ADR-0002: Promotion gate keys on lower_bound_95 (BCa bootstrap), not mean_score

Status: Accepted Date: 2026-05-12 Tags: statistics · promotion · honest-confidence · phase-7-precondition Related: ADR-0009, Phase 5 ADR-0016, production ADR-0015, production ADR-0028

Context

Phase 5 ADR-0016 §Decision §4 wrote the promotion criterion as bench_score.mean ≥ tier_threshold[N+1] over ≥ min_cases_for_promotion[N+1] cases. All three Phase 6.5 input designs implicitly inherited mean as the gate signal. The critic surfaced the load-bearing problem (critic roadmap-level #1): N=10 is the floor for min_cases_for_promotion[bronze], and at N=10 the sample mean carries substantial uncertainty — mean - 2·stddev may be a full tier below the threshold the mean nominally crosses. A gate that flips evidence_sufficient = True on a sample mean that crosses threshold by 0.01 with stddev 0.12 is calling something "sufficient evidence" that is, statistically, indistinguishable from "we got lucky on 10 draws."

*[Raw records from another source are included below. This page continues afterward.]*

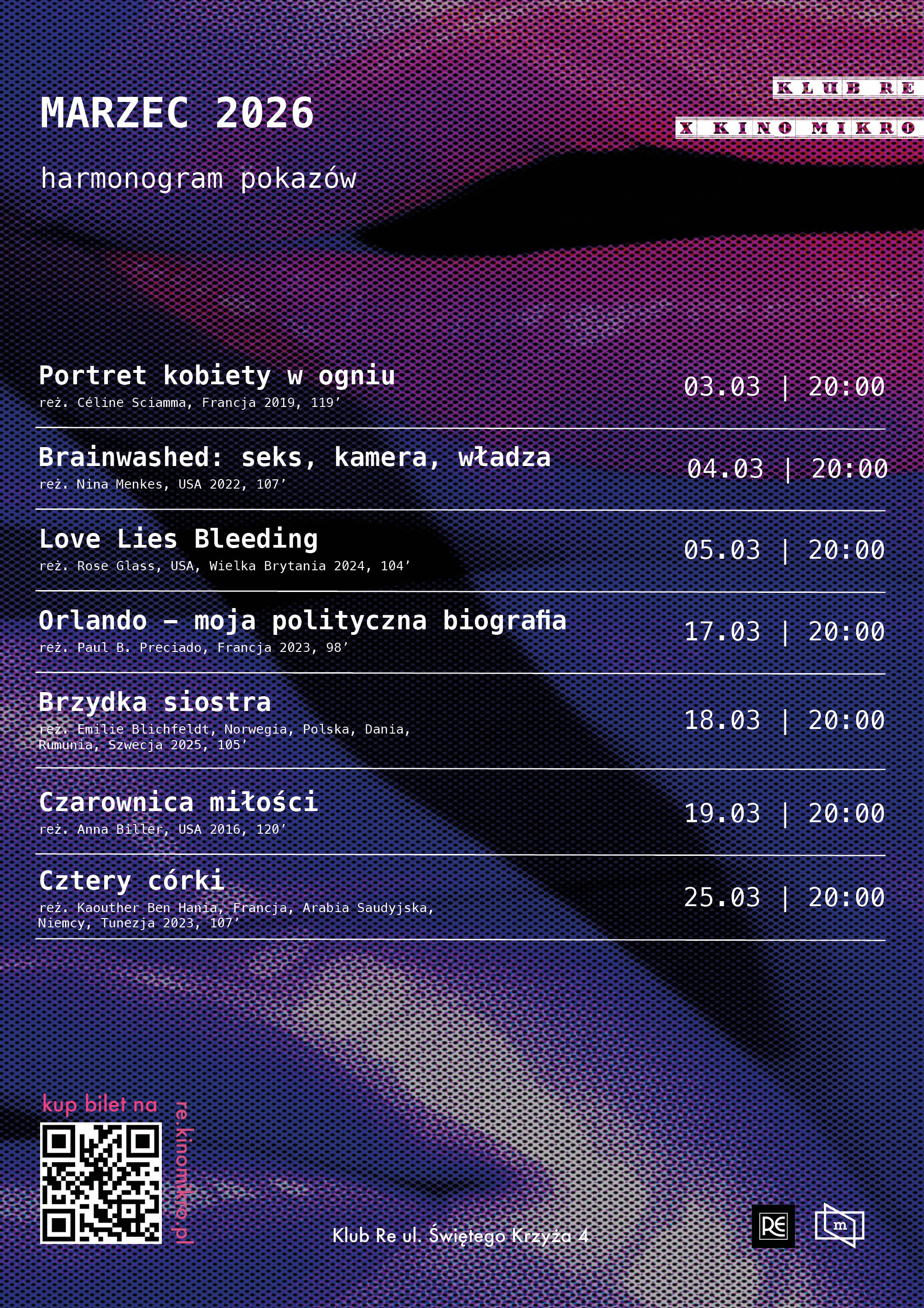 W marcu w Klubie RE zaprezentujemy wam kino, które podważa schematy, rozsadza stereotypy i bierze na warsztat kobiecy portret. Eseje filmowe, fabuły i dokumenty o pożądaniu, władzy, gniewie i tożsamości, które redefiniują ekranowy wizerunek kobiet: szalone, zabawne, bezkompromisowe i, co najważniejsze, dające do myślenia.
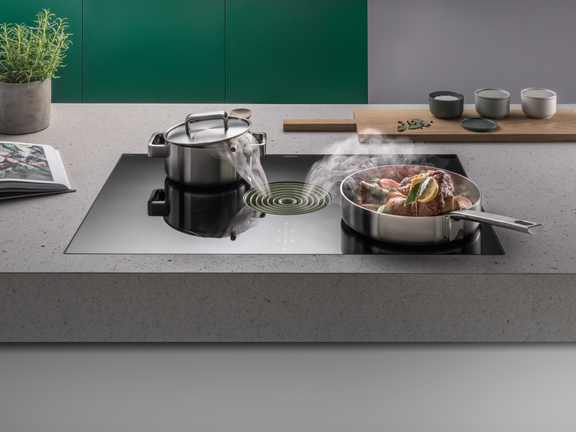 As well as this flexibility when cooking, surface induction cooktops also have the advantage of having an attractive, very elegant design, as only very discreet cooking zone markings divide up its surface.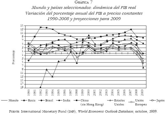 10 El PIB conjunto de estos países, junto con Rusia (los llamados BRIC), representó en 2008 22.7% del PIB mundial. En un trabajo de Abelardo Mariña se señalaba que la profundidad y duración de la crisis actual dependería en fuerte medida de la capacidad de acumulación y crecimiento endógeno de estos países. "Límites y perspectivas de la globalización neoliberal. Una visión general", Trayectorias, vol. X, núm. 27, Monterrey, juliodiciembre, 2008, p. 16. [ Links ]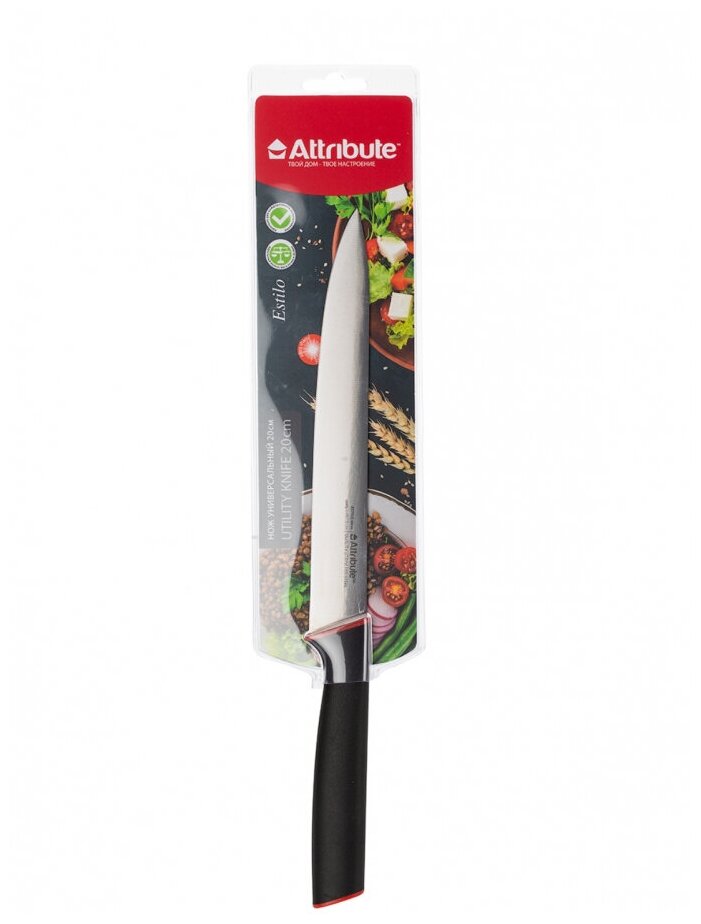 Лучшие цены. Нож ATTRIBUTE Estilo 20см универсальный нерж. сталь, пластик. Нож универсальный 'Estilo' является удобным инструментов на каждой кухне. Лезвие из нержавеющей стали универсальной формы подходит для рубки и резки как мелких продуктов, так и мяса. Пластиковая ручка более износостойкая в отличие от деревянной, так как пластик более удобен в уходе, легче и намного меньше скользит в руке. Можно мыть в посудомоечной машине. Магазины в вашем городе.

This collides with CLAUDE.md §"Honest confidence": every probe reports its confidence and provenance. The eval harness is a probe on judgment quality; reporting only mean hides the uncertainty that is the load-bearing fact for whether the harness's evidence is actionable. Production ADR-0015 (threshold calibration) further requires "per-task-class refinement … balance false-positive and false-negative rates" — a discipline that cannot be exercised against a point estimate.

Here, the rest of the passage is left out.